It should be noted that improving the electrolyzer conversion efficiency increases the amount of hydrogen produced at unpredicted hours and can be maximized by the fuel cell during periods of competitive dispatch to the grid, leading to a reduction in the BAC requirement to reach the cost-competitive operation of the PGP system for a risk-averse investor, especially in power sectors with substantial renewable energy capacity. Therefore, in addition to the round-trip efficiency, potential improvements in electrolyzer efficiency must be carefully considered in perfect foresight models to avoid underestimating the cost-competitiveness of the PGP system. The operating lifetime of the PGP system constrains reductions in any changes to project duration in the economic analysis.

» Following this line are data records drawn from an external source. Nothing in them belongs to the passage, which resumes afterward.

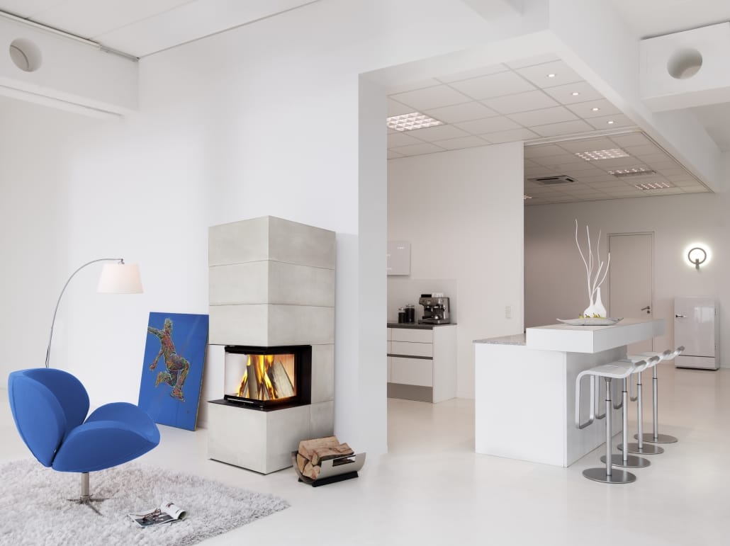 Brunner BSK 10 ombouw met de BRUNNER 42/42/42/42 Panorama liftdeur haard. De accumulerende systeemhaard is gemaakt van warmtebeton en past naadloos in elkaar. Een snelle opbouw en functionaliteit, dat zijn de voordelen van de BSK ombouwen.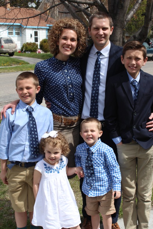My ties aren’t perfect, but they’re still fun. My only suggestion is to double-check the length of the tie on the pattern compared to the length of ties your husband or son likes to wear. I know shorter ties are becoming en vogue, but Lonnie and I are in our mid-30s, so he likes the point of his tie to reach just a smidge past the top of his pants’ waistband. I wish I would have made his a couple inches longer.
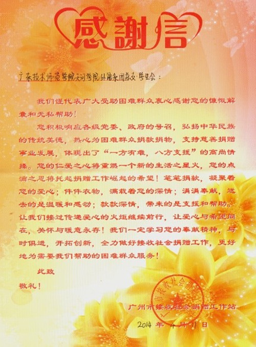 站点工作人员为我们开具了接受物资凭证,并由外语系团总支·员工会代表所有大力支持和热心参与活动的公司师生们接收了感谢信。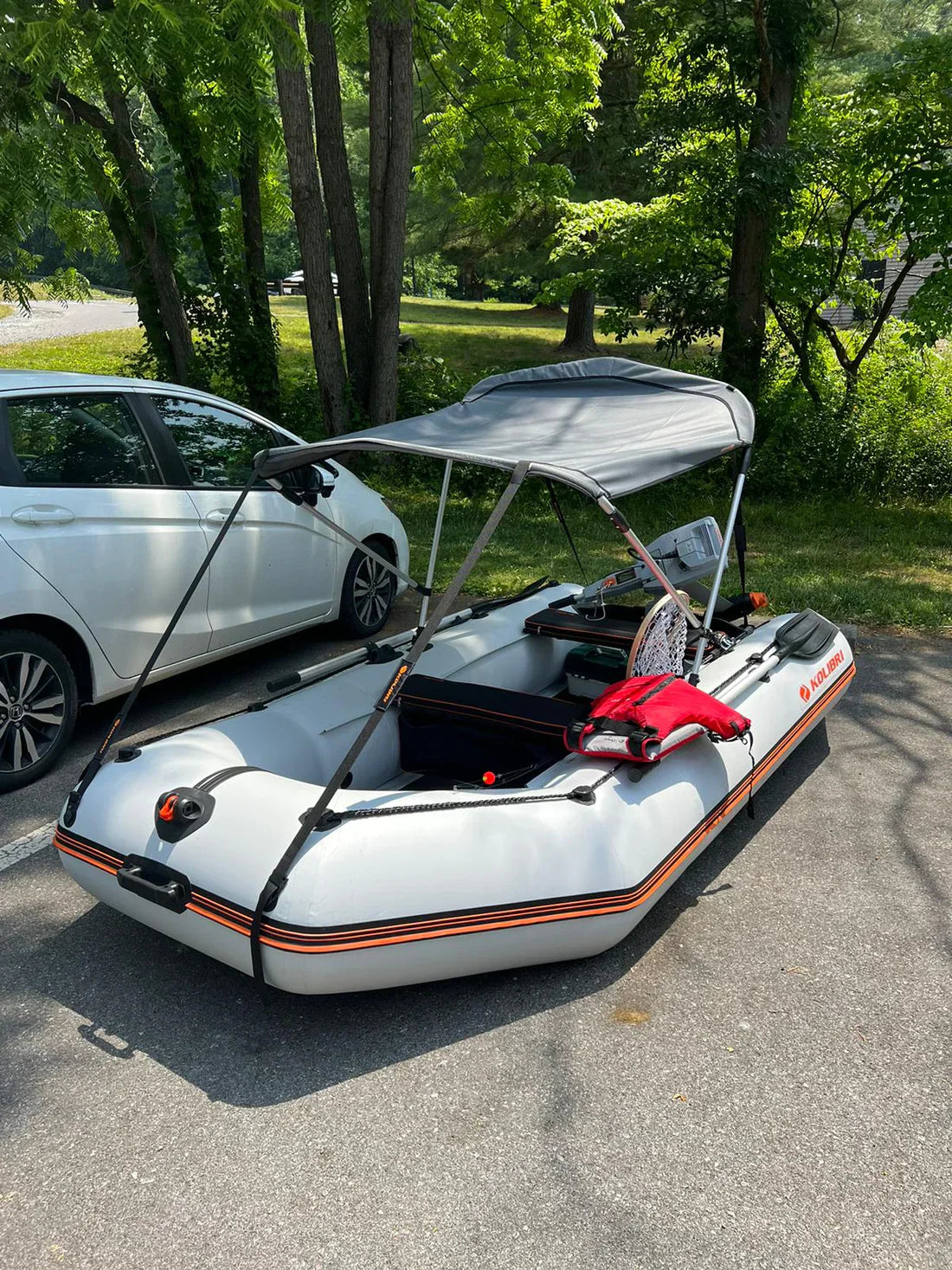 The KM-330 is a flat-bottomed inflatable boat perfect for calm lakes and rivers. It can carry four persons with a 12 hp motor.

Consequently, uncertainty in the project lifetime has a negligible impact on the long-term cost-effectiveness of the PGP system.

Discussion

This study shows that electrolytic hydrogen-based PGP systems can reduce wholesale electricity costs and grid emissions while remaining profitable for risk-averse investors. Earlier studies, including those by Terlouw et al.44 and Dowling et al.41, provide foundational insights into how renewable penetration and cost sensitivities affect hydrogen integration; however, the studies do not explicitly link the system’s economic competitiveness to the policy-dependent carbon abatement value required to facilitate immediate adoption, especially in fossil fuel-dependent economies. While our levelized cost estimates for the PGP system (USD 900-1000 per MWh) align with United States-focused projections22,23, once multi-value streams (peak electricity supply plus reserve provision) are considered, achieving long-term cost parity for electricity generation with natural gas plants would require an implicit BAC of $57-100 per tCO₂ (Supplementary Table 10). The BAC serves as a critical price-discovery metric, revealing the subsidy level required to reconcile the policymaker’s goal of supporting low-carbon systems with the risk-averse investor’s pursuit of profitable hydrogen conversion and electricity dispatch to the grid.

The study findings also challenge the conventional framing in perfect-foresight models, which suggests that electrolytic hydrogen-based PGP systems only serve as renewable energy enablers for long-term power sector decarbonization. We contend that in regions with existing natural gas-dominated grids, even at a sub-50% renewable energy capacity share, the PGP system can be least-cost-viable by 2030 – provided it operates as a dual-purpose asset offering both long-duration storage and direct fossil displacement in reserve markets, with a BAC threshold of $100 per tCO₂ (Fig. 7a). Our findings shows the need to revisit electricity market rules, specifically by relaxing minimum stable generation limits for thermal units as the PGP system’s capital cost declines, so that the fuel cell (energy discharge component) can deliver both the economic and environmental value to the power sector during periods of demand-supply mismatch.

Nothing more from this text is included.